The Spanish sociologist Manuel Castell  predicted that in the networked age, more value would accrue in controlling flows of information than in controlling the content itself.  Controlling content increasingly involves autonomous, self-teaching systems that are increasingly inscrutable to humans. Gatekeepers like authors, publishers and professional reviewers are immersed in books and writing styles their whole lives and regard books as sacred objects. They have discerning eyes and separate great novels from trash more often than the average man on the street. When these old world gatekeepers are gone, only one gatekeeper will be left - Amazon with its spreadsheet maniacs. What will be the kind of books that will be available when that happens? Evgeny Morozov says in To Save Everything Click Here:

If one thinks that the goal of literature is to maximize the well-being of memes or to ensure  that all readers are satisfied (and why wouldn't they be, given that the books they read already reflect their subconscious inclinations and preferences?), then Amazon should be seen as the savior of literature. 
 But if one believes that some ideas are worse than others, that some memes should be put to rest rather than spread around, that many authors are public intellectuals who serve important civic functions that surely cannot be outsourced to algorithms, and that one of the goals of literature is to challenge and annihilate, than to appease and amplify - then there is very little to celebrate in Amazon's  fantasy world without gatekeepers.  
This is only books but Amazon's ambition extends to every other commodity on earth. To understand the depth and breadth of Jeff Bozos’ ambitions for the company he built, consider the original name he chose - 'relentless'. He still retains the domain name and if you type www.relentless.com into your browser it  will redirect to Amazon, the company aptly, and ambitiously, nicknamed The Everything Store. He tells his shareholders that the company will act like an aggressive startup — that at Amazon, it is always Day One.  There will be many ways that Amazon can use its power and you can be sure that it will exploit them relentlessly. For eg., you may seeing different prices depending on any way that you interact with Amazon.

Wednesday, May 27, 2020

The tyranny of algorithms - IV

It is commonly assumed that algorithms mindlessly execute their programs and see patterns in the data without any biases. This view fails to acknowledge that they reflect the minds and worldviews of their creators. When we outsource thinking to machines we are actually outsourcing thinking to the organisations that run those machines. For example, both Amazon and Netflix give recommendations about books and  films respectively but the nature of their recommendations differ. Amazon will nudge you towards the types of books with which you are familiar while Netflix will direct users towards unfamiliar movies. Blockbuster movies cost more to stream and Netflix makes more profit when users watch more obscure films.

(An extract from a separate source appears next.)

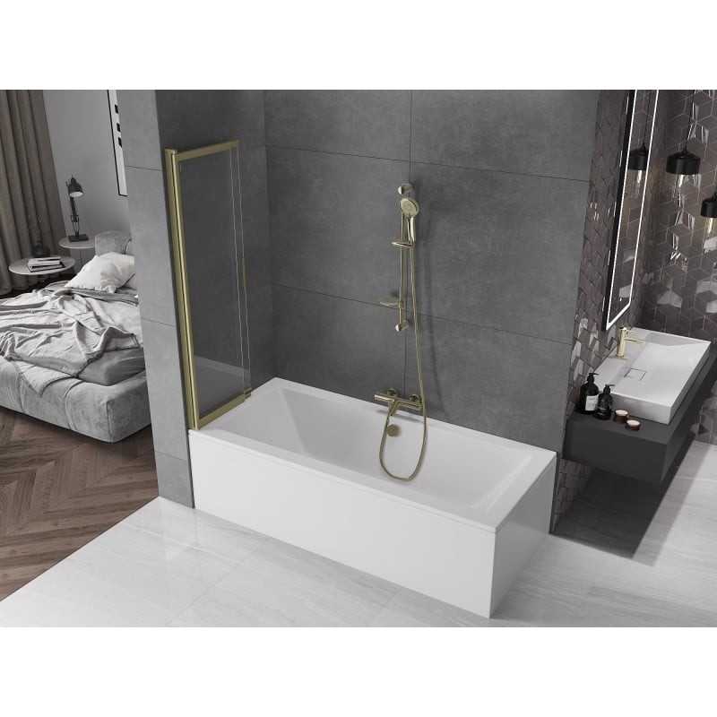 Technické údaje: Šířka: 85 cm Výška: 150 cm Typ: Dvoukřídlé Montáž: Univerzální Typ: Pohyblivé/Posuvné Typ skla: Tvrzené Barva skla: Průhledné Tloušťka skla: 5 mm Povrchová úprava: Kartáčované zlato Povlak pro snadné čištění Vyrovnání nerovností stěn Sada těsnění pro odvod vody

Thus the algorithms are programmed to direct users towards what benefits the corporation although the propaganda will be 'to enhance user experience'. The power to include, exclude, and rank is the power to ensure that certain public impressions become permanent, while others remain fleeting. How does Amazon decide which books to prioritize in searches? How does it identify fake or purchased reviews? Why do Facebook and Twitter highlight some political stories or sources at the expense of others? Although internet giants say their algorithms  are scientific and neutral tools, it is very difficult to verify those claims.

When the Amazon boss Jeff Bezos started  out, he said that Amazon intended to sell books as a way of gathering data on affluent, educated shoppers. The books would be priced close to cost in order to increase sales volume. After collecting data on millions of customers, Amazon could figure out how to sell everything else dirt cheap on the Internet. Now books are not the only business of Amazon. It also sells hardware, is a video distributor, a  production studio, a grocery deliverer. According to one publisher’s estimate, book sales in the U.S. now make up no more than seven per cent of the company’s  annual revenue. Books were going to be the way to get the names and the data, a customer-acquisition strategy.

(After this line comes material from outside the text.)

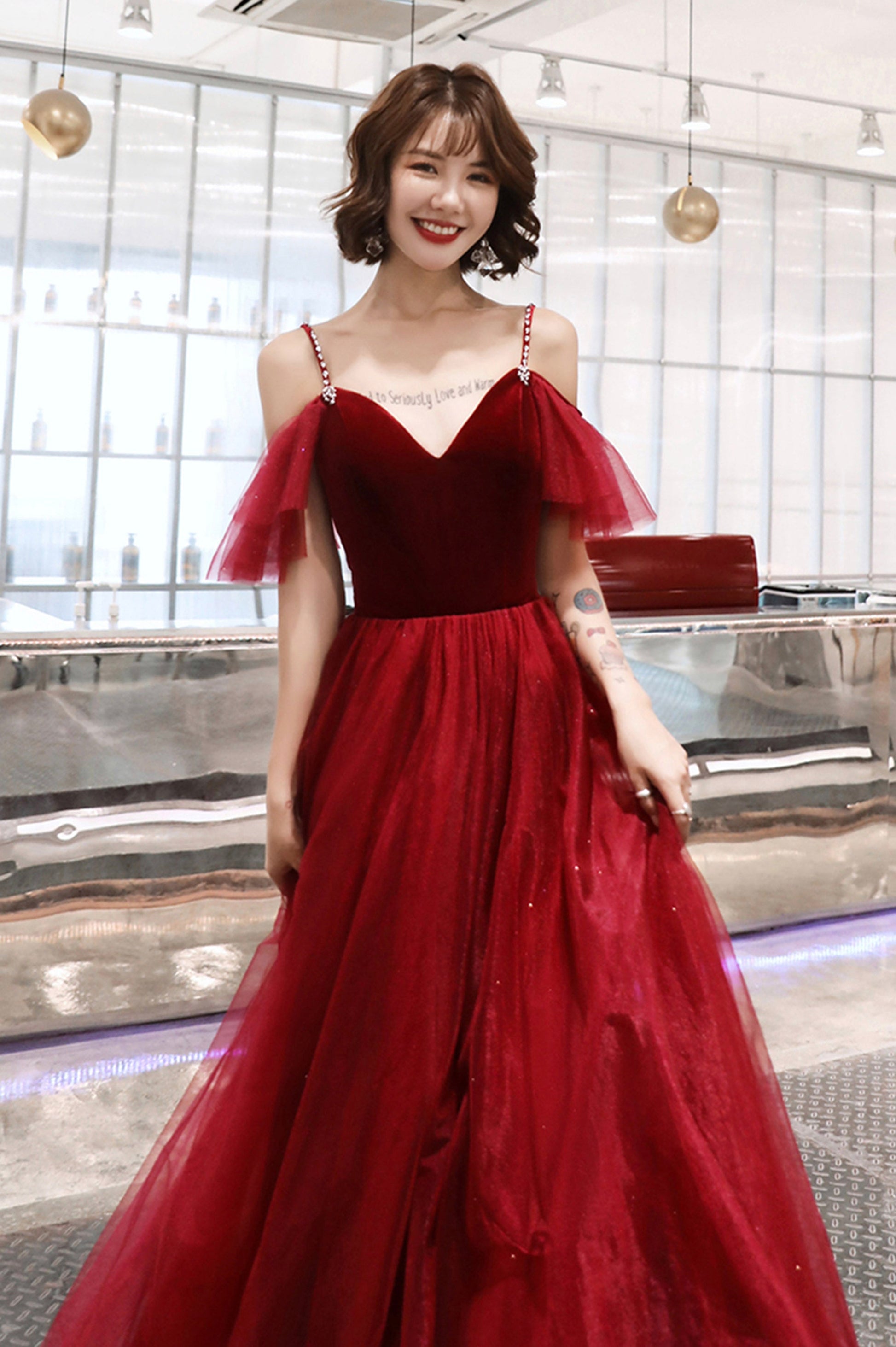 _the Burgundy A-Line Spaghetti Straps Long Prom Dress, a vision of simplicity and sophistication in one exquisite gown. This dress is the epitome of timeless elegance, making it an ideal choice for prom night, formal events, or any special occasion.

Amazon is ruled by computer engineers and M.B.A.s who value data most and believe only in measurable truths. The vast majority of them can be classified into two or three similar categories, and Bezos is the same: introverted, detail-oriented, engineer-type personality. Not musicians, designers, salesmen. A former Amazon employee who worked in the Kindle division said that few of his colleagues in Seattle had a real interest in books: “You never heard people say, ‘Hey, what are you reading?’ Everyone there is so engineering-oriented. They don’t know how to talk to novelists.” Amazon's writers were under pressure to prove that their work produced sales. If a customer clicked on a review or an interview, then left the page without making a purchase, it was logged as a Repel. Writers had to make sure that their repulsion rate was not too high.

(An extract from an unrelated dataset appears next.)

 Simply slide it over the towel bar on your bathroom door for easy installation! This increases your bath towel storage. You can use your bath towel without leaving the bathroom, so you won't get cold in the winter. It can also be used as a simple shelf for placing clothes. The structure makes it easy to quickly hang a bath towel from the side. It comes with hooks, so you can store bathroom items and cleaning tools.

The customer has always been king in the Bezos ethos."Amazon gives the customers what they want: low prices, vast selection and extreme convenience," he told a shareholders’ meeting. On these terms, Amazon’s success is stellar. It has more than 2 million titles on sale; bestselling books are routinely discounted by 50 percent or more; and it ranked first in Business Week‘s "customer service champs" awards a couple of years ago. Dennis Johnson, an independent publisher, says that “Amazon has successfully fostered the idea that a book is a thing of minimal value — it’s a widget.”  Adrian Chen of Gawker.com said, 'Do you remember books? A book is basically thousands of tweets printed out and stapled together between pieces of cardboard.'

Recently, Amazon even started creating its own “content” — publishing books. The old print world of scarcity — with a limited number of publishers and editors selecting which manuscripts to publish, and a limited number of bookstores selecting which titles to carry — is yielding to a world of digital abundance. Amazon will say that, because an unprecedented number of titles are available in an instant, “it’s never been a better time to be a reader.” It will point to the growth of online reader networks, such as GoodReads, which Amazon owns, as a welcome development: “Suddenly, we’re not locked into hearing the opinions of a small number of reviewers in newspapers.” The elimination of the “gatekeepers,” as Bezos calls the professionals who get in the customer’s way, is one of his pet themes, thinking that it will rid the public sphere of their biases and inefficiencies.

Bezos believes that he provides an argument against elitist institutions and for “the democratization of the means of production”. “Even well-meaning gatekeepers slow innovation,” Bezos wrote in his 2011 letter to shareholders. “When a platform is self-service, even the improbable ideas can get tried, because there’s no expert gatekeeper ready to say ‘that will never work!’" Amazon believes that its approach encourages ever more people to tell their stories to ever more people, and turns writers into entrepreneurs; the price per unit might be cheap, but the higher number of units sold, and the accompanying royalties, will make authors wealthier. It believes that selling digital books at low prices will democratize reading.

When it comes to the books it stocks, Amazon makes no pretense of selectivity. Provided it carries an ISBN and isn’t offensive, Amazon is happy to sell any book anyone cares to publish. "We want to make every book available — the good, the bad and the ugly," Bezos once said. As Evgeny Morozov says in To Save Everything Click Here, 'Whether these books are Sudoku puzzles or Tolstoy novels doesn't matter at al, for it is all about the number of books downloaded, pages flipped, and memes created.' Many would argue that the increase in the variety of books being published that Amazon has encouraged can only be a good thing, that it enriches cultural diversity and expands choice.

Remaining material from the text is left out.